Streit um Missionierung
Rußland und Ukraine ringen um Taufjubiläum
von M. Rosenthal-Kappi

Nicht Verhandlungen über Energiepreise waren der Anlaß für neue politische Spannungen zwischen der Ukraine und Rußland, nein, diesmal sorgte die Feier eines Taufjubiläums für Verstimmung. Es handelt sich um den 1020. Jahrestag der Christianisierung der Rus.

Die Kiewer Rus gilt als erster russischer Staat, der als Vorläuferreich für Rußland, Weißrußland und die Ukraine gilt, und dessen Zentrum Kiew war. Da Kiew die Hauptstadt des heutigen Staates Ukraine ist, sieht die Ukraine sich nun als rechtmäßige Nachfolgerin der Kiewer Rus. Um damit verbunden die Notwendigkeit einer eigenen, unabhängigen ukrainisch-orthodoxen Kirche zu untermauern, ließ Staatschef Viktor Juschtschenko Ende Juli die 1020-Jahrfeier der Christianisierung der Rus feiern. Die Russen empfanden dies als Provokation, zumal bereits 1988 die Tausendjahrfeier der Christianisierung Rußlands in Moskau begangen wurde und jetzt kein rundes Jubiläum anliegt. Sie werfen der ukrainischen Regierung vor, das Jubiläum zu Propagandazwecken mißbrauchen zu wollen.

Hintergrund des aktuellen Streits ist, daß die Ukraine nach der 1991 erreichten politischen Unabhängigkeit nun auch die kirchliche Unabhängigkeit von Moskau erlangen will. Zur Zeit gibt es in der Ukraine drei untereinander widerstreitende orthodoxe Kirchenzweige. Die Ukrainisch-orthodoxe Kirche des Kiewer Patriarchats löste sich bereits Anfang der 90er Jahre vom unter dem Einfluß des Kreml stehenden Moskauer Patriarchat ab, wofür ihr Oberhaupt, der selbsternannte Metropolit Filaret, von Alexi II., Patriarch von Moskau und ganz Rußland, als „Abtrünniger“ mit dem Kirchenbann belegt wurde.

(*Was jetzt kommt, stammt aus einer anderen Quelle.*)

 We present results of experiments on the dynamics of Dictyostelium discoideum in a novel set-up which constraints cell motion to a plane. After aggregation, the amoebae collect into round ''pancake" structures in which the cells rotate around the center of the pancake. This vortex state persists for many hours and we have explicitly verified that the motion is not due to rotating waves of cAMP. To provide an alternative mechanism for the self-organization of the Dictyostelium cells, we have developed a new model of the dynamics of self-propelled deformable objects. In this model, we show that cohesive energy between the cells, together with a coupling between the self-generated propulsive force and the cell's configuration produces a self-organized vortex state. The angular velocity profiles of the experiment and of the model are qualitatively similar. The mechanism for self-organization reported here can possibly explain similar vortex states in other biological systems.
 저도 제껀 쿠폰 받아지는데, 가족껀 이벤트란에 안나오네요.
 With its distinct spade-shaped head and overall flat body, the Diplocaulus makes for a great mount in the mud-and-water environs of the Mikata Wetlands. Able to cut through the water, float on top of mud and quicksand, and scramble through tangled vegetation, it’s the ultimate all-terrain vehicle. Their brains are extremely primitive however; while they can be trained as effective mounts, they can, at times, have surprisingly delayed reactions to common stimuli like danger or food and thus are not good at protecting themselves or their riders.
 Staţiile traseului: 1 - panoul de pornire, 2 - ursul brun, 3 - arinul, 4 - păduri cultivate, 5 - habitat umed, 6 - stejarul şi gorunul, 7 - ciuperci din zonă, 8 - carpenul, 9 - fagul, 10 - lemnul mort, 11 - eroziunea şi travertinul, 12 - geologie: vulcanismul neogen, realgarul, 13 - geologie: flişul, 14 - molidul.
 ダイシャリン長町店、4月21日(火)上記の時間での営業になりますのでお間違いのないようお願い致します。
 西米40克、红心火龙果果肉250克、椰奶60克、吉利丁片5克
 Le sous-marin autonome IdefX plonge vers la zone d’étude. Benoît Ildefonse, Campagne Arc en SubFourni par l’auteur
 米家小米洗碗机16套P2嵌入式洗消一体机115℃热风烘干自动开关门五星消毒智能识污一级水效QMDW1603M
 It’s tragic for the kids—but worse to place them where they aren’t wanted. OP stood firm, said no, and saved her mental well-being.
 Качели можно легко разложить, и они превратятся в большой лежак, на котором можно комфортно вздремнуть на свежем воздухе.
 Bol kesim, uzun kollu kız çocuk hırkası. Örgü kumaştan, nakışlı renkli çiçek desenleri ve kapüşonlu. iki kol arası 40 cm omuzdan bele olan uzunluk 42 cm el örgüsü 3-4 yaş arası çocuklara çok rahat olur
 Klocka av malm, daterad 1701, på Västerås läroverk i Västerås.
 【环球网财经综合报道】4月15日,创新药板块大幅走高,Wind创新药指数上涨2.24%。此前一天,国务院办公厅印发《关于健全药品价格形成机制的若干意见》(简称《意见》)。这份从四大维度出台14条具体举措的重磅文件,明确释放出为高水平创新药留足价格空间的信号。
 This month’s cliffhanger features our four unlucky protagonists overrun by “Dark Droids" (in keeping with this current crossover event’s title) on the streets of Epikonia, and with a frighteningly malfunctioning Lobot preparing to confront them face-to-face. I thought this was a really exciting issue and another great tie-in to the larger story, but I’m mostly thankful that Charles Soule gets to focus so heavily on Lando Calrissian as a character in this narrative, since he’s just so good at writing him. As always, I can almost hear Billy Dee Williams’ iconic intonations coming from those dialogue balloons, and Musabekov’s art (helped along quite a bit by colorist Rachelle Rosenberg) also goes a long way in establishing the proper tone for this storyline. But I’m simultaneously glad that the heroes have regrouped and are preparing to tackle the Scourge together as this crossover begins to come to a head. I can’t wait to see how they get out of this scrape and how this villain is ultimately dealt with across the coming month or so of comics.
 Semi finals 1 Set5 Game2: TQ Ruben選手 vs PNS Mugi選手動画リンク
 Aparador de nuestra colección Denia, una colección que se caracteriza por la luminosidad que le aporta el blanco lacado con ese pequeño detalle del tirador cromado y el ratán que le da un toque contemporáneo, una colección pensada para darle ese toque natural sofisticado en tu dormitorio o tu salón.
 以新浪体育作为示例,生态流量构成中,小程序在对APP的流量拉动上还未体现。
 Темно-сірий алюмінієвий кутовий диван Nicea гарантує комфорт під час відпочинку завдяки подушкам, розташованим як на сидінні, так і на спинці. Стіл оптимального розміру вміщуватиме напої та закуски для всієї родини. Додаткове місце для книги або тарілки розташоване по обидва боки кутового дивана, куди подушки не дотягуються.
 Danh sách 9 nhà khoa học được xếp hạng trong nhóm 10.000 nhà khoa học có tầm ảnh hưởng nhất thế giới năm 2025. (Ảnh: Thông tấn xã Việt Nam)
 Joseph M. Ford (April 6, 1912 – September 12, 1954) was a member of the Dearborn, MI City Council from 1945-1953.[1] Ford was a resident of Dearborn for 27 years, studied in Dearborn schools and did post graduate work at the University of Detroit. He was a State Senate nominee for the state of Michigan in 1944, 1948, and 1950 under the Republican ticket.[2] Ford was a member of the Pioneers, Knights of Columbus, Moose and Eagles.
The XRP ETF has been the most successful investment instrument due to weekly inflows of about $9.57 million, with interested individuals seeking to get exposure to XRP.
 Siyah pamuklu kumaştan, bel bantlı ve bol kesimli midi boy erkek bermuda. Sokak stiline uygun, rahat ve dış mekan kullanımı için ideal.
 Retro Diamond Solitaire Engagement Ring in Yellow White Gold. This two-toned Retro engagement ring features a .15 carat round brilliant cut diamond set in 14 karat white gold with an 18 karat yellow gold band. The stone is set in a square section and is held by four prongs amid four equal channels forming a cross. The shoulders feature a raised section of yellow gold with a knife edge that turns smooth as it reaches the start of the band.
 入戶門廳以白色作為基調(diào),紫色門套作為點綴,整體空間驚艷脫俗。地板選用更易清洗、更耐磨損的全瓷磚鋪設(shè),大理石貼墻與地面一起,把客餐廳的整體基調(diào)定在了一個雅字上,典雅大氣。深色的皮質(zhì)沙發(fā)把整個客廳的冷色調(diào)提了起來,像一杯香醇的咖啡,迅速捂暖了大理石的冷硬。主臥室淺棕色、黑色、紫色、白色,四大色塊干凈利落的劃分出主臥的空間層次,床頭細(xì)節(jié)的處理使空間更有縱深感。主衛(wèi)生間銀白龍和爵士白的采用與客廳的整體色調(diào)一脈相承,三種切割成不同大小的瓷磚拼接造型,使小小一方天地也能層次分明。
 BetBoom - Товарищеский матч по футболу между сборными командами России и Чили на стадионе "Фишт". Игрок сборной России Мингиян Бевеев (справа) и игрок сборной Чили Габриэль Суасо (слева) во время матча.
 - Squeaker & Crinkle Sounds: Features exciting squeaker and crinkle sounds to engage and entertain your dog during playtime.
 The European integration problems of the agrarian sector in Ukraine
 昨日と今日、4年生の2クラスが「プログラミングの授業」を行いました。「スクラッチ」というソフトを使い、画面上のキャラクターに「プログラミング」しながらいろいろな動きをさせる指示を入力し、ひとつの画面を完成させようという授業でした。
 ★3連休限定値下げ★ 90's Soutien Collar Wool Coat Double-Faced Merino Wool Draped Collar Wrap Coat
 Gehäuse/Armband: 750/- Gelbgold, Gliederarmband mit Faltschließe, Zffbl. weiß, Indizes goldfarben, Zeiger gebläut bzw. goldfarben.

Dann gibt es noch die Autokephale Orthodoxe Kirche, die schon 1917 gegründet wurde. Beide Kirchen sind von keiner der orthodoxen Kirchen in der Welt anerkannt. Anerkannt ist nur die Ukrainisch-orthodoxe Kirche des Moskauer Patriarchats.

Schon 1992 bemühten sich die weltlichen Staatsoberhäupter, die verfeindeten Zweige der ukrainischen orthodoxen Kirchen zu vereinigen. Damals war es Krawtschuk, der Einfluß auf die Kirche in der Ukraine nahm, heute spricht Viktor Juschtschenko sich für eine „Nationalkirche“ aus. Diese möchte er um den Kirchenzweig des Patriarchen Filarets der Unabhängigen Orthodoxen Kirche von Kiew herum ansiedeln. Die Jubiläumsfeier sollte dazu dienen, eine Entscheidung über die Anerkennung herbeizuführen. Bartholomäus I., Patriarch von Konstantinopel und Ehrenoberhaupt aller orthodoxen Christen, war zur Feier aus Istanbul angereist und wurde in Kiew würdevoll hofiert. Das hielt jedoch den Moskauer Patriarchen Alexi II. nicht von seinem Besuch ab. Im Vorfeld beklagte sich die russische Seite aber darüber, daß dem russischen Kirchenoberhaupt ein weitaus kühlerer Empfang bereitet wurde als dem griechischen Gast.

Am Ende hat sich der Aufwand für die Ukraine nicht gelohnt. Bartholomäus I., der als reformorientierter Vertreter der orthodoxen Kirche gilt, verweigerte einer ukrainisch-orthodoxen Kirche seinen Segen. Die Abspaltung einer ukrainischen Nationalkirche wird dennoch nicht zu verhindern sein.